原著
耳鼻咽喉科外来患者のメチシリン耐性黄色ブドウ球菌感染について—ある乳児院における連続発症例を含めた検討
著者:
小川浩司
,
橋口一弘
,
山下亮子
,
中村ちなみ
,
吾妻猛
,
福田沢子
,
鈴木孝美
ページ範囲:P.355 - P.359
はじめに
メチシリン耐性黄色ブドウ球菌(Methicillin-resistant Staphylococcus;以下MRSAと省略)はわが国では1980年代はじめより増えはじめ,現在も増加傾向にあるといわれている。この菌が注目されるのは,ペニシリンばかりではなく,多剤に対し耐性を示し,高齢者などの免疫能が低下している患者(compromised host)などでは,MRSAの感染によって死に至る場合があること,そしてこの菌が多くの場合院内感染の関与,とくに医療従事者の手指を介して伝搬されることが指摘されているからである1,2)。したがって医事訴訟をはじめとする社会的な問題に発展する可能性すらあるからである。
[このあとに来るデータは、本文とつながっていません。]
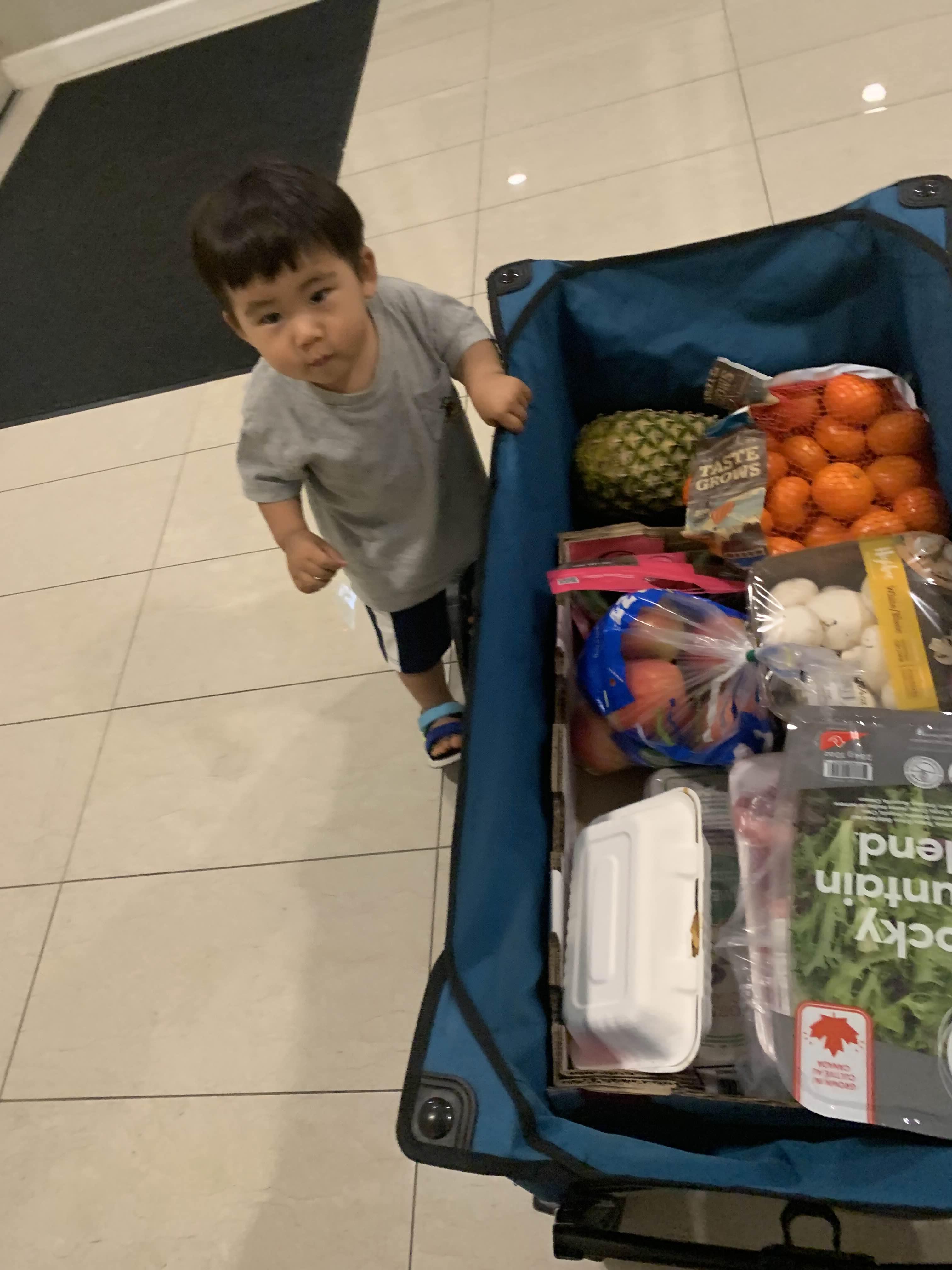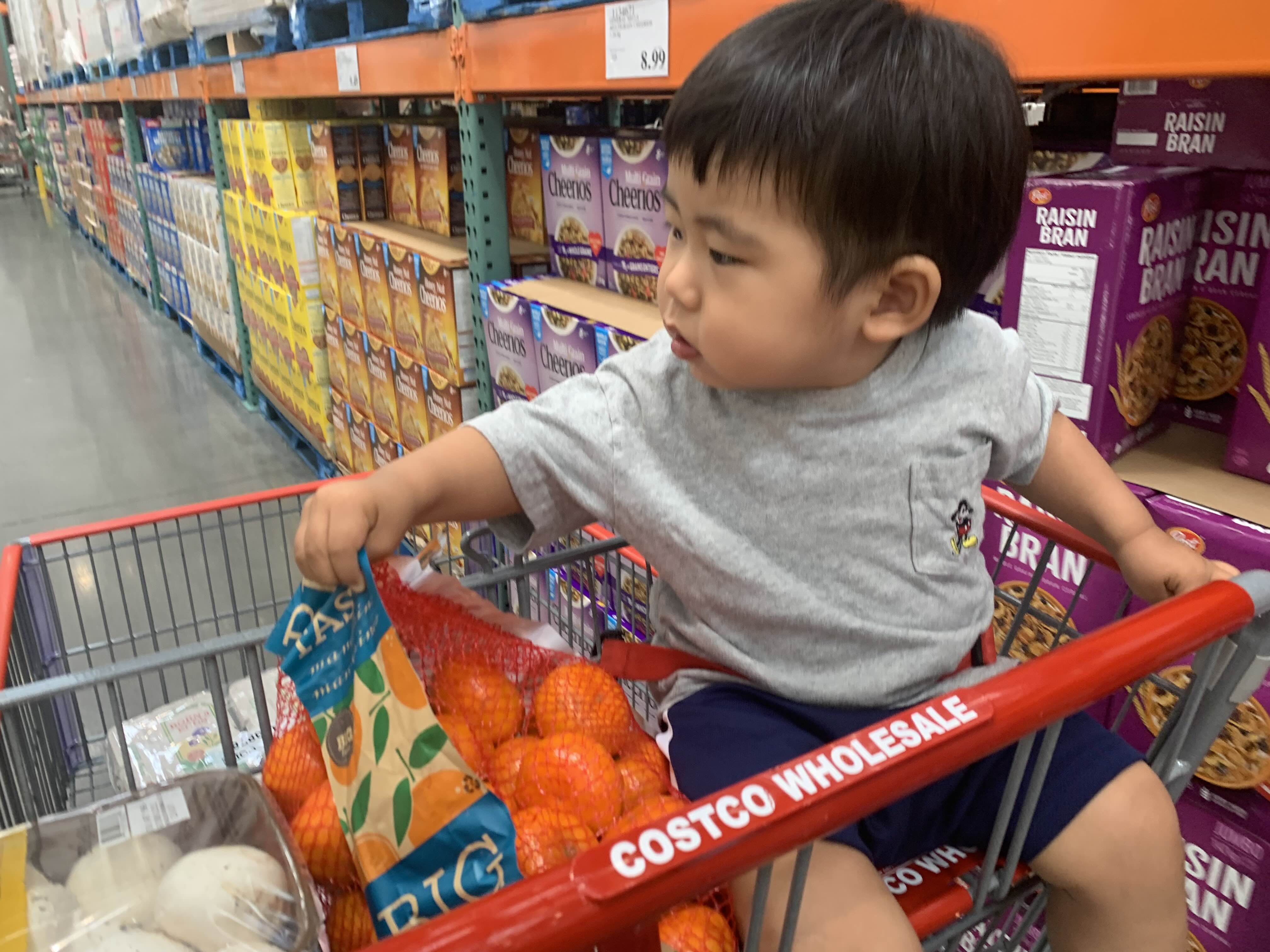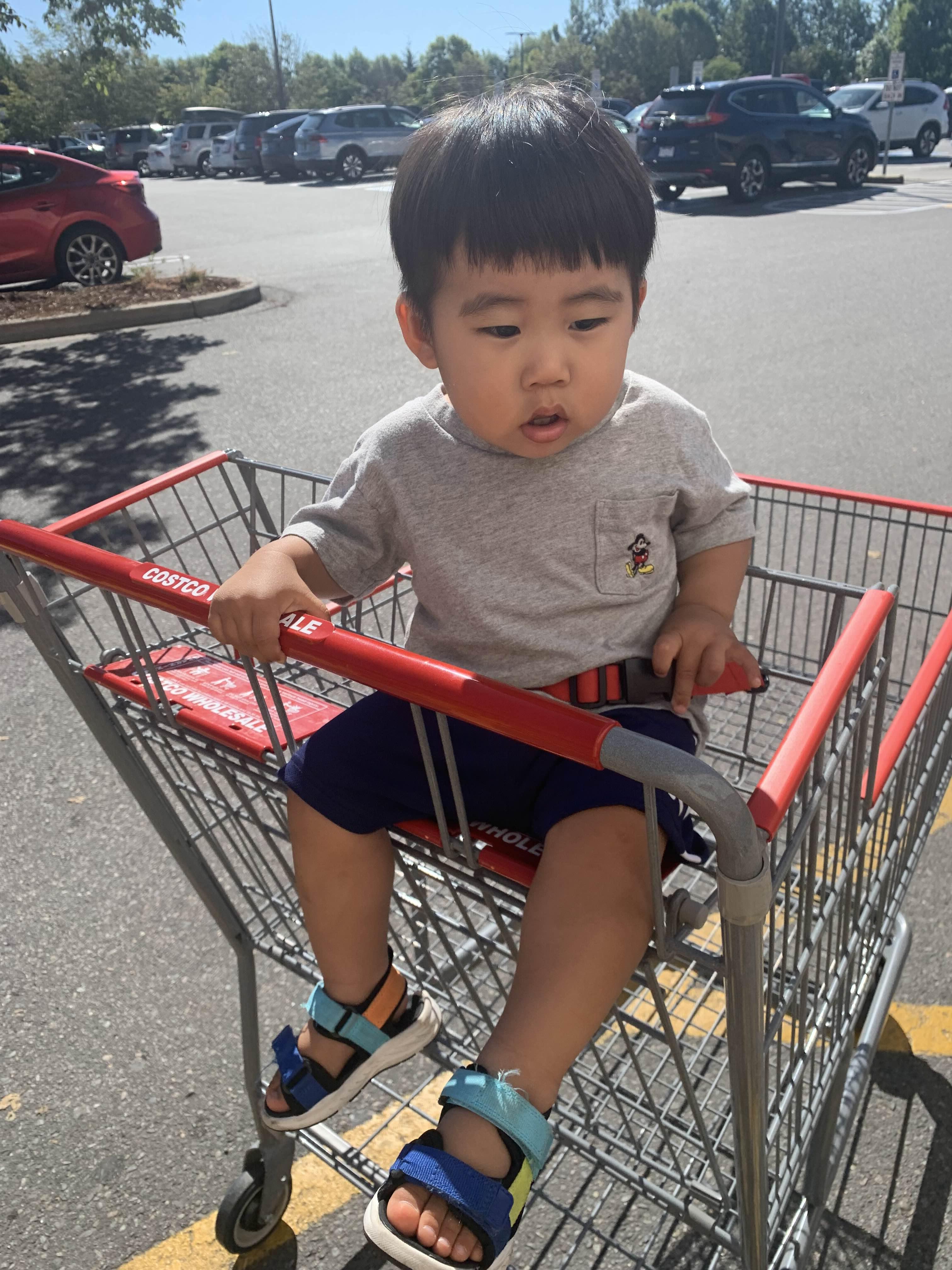 여기저기 두 리번 하기 바쁘지만.. 나중에는 안 내려 준다고 짜증 내신다.. 코스코에는 큰 카트들이 너무 많이 돌아다녀서 태오가 걸어 다니긴 적합하지 않지..

一般的には入院での感染が多く外来患者では少ないとされているが,われわれは最近一乳児院(児童福祉施設)で多発したMRSAによる耳感染症を経験した。おそらくこども達を世話する保母(父)を介して伝搬したのではないかと考え,保母(父)たちの鼻前庭より検体を摂って調べ,MRSA保有率がきわめて高いことなどの興味深い知見を得たのでこれを報告し,耳鼻咽喉科外来での本菌の検出状況や治療上の問題について考えてみたい。